I'd like to forget the bad memories and remember only the good, but I'm afraid if I push them out of my mind, stuff them deeper I will forget more than I want to. I will forget the times we laughed and danced, the times we made love, the special days like this one on his fiftieth birthday with our oldest grandchild.
So I guess you take the bad to keep the good. I don't want to lose this one either.
Maybe someday I will my mind will completely go and I won't remember anything. I would find that very sad, for I never want to forget how it felt to be loved by this remarkable man. I don't want to forget the sound of his voice or his deep rugged laugh. I don't want to forget his scent or how soothing those huge, work hardened hands felt when he rubbed my back or held my hand. I don't want to forget his beautiful, blue Irish eyes twinkling with humor when he teased me. Basically, I don't want to forget one moment of our lives together!

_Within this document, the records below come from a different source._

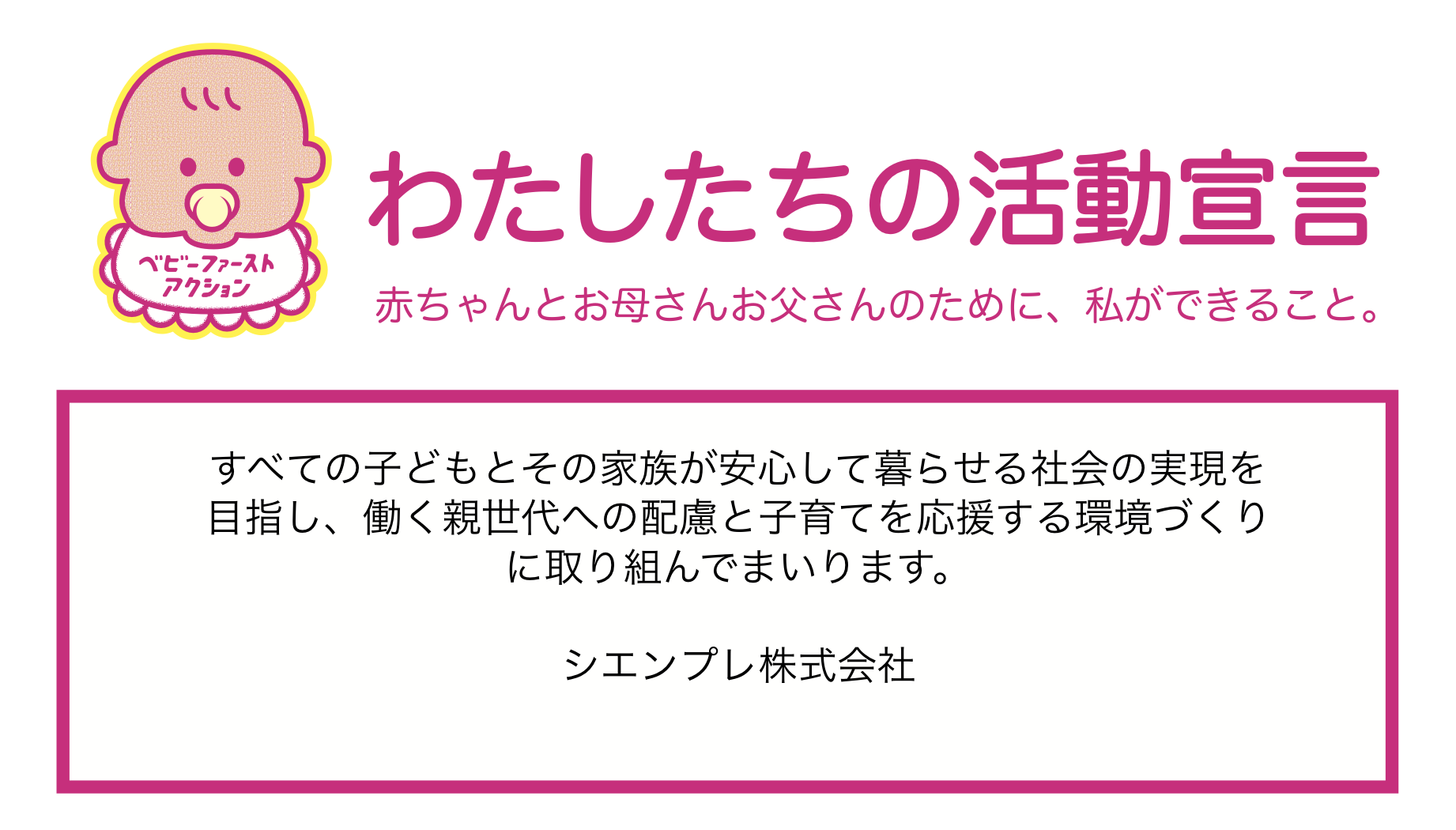 すべての子どもとその家族が安心して暮らせる社会の実現を目指し、働く親世代への配慮と子育てを応援する環境づくりに取り組んでまいります。
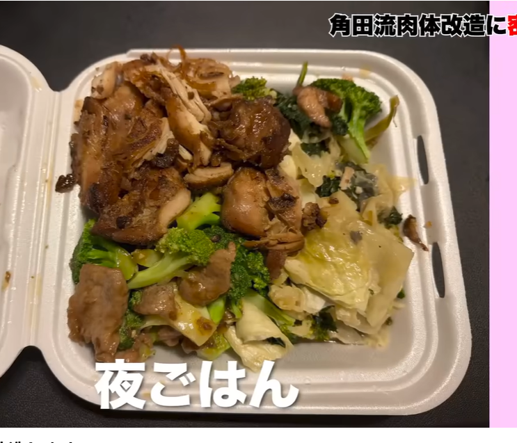 角田流肉体改造での夕飯(角田夏実YouTubeチャンネルより)
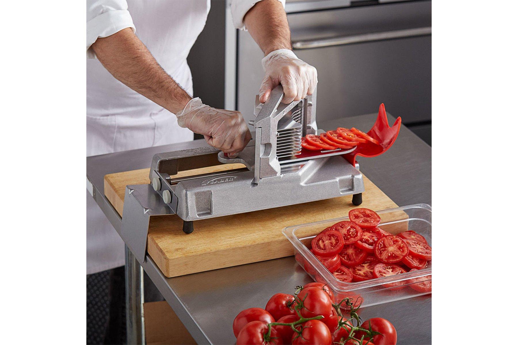 The Tomato Saber which is ideal for heavy duty use has a 9 blade cut giving 6.4mm (1/4") slices, and an ergonomically-designed contoured pusher handle that carries tomato through blades instead of rolling it.
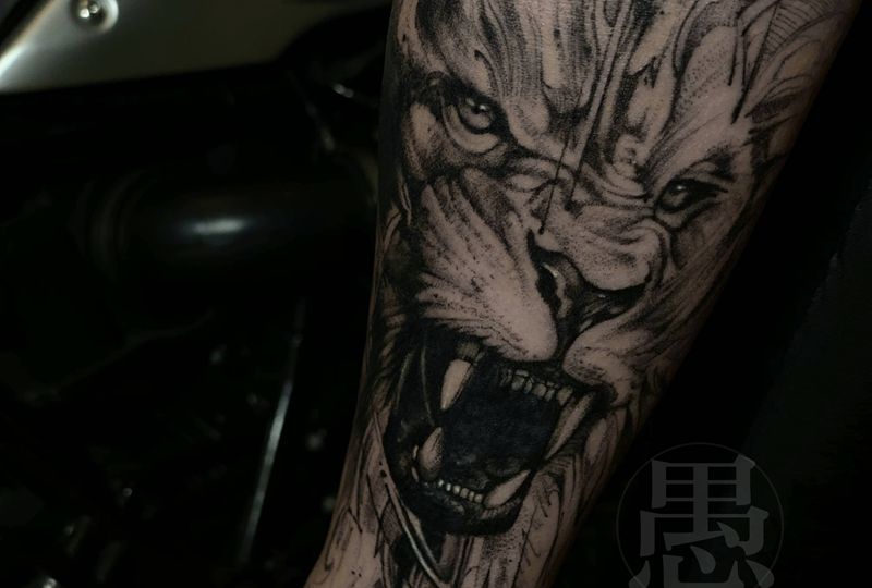 当前位置: 首页 >四川省成都市纹身店-Aeon.ink恒.刺青纹身图案>狮子纹身图片_手臂点刺狮子纹身图案

So, with that being said, how do you go on? I guess Widow Brain is not such a bad thing. It provides a bit of insulation from the world around you, the world you don't want to face alone.
This page is now my blog/journal about Widowhood. I'm not qualified to give advice. I'm new at this. I don't want to be qualified. I don't want to be a widow, but no one asked me. These are my thoughts, fears and feelings. Please don't equate them as anything but that.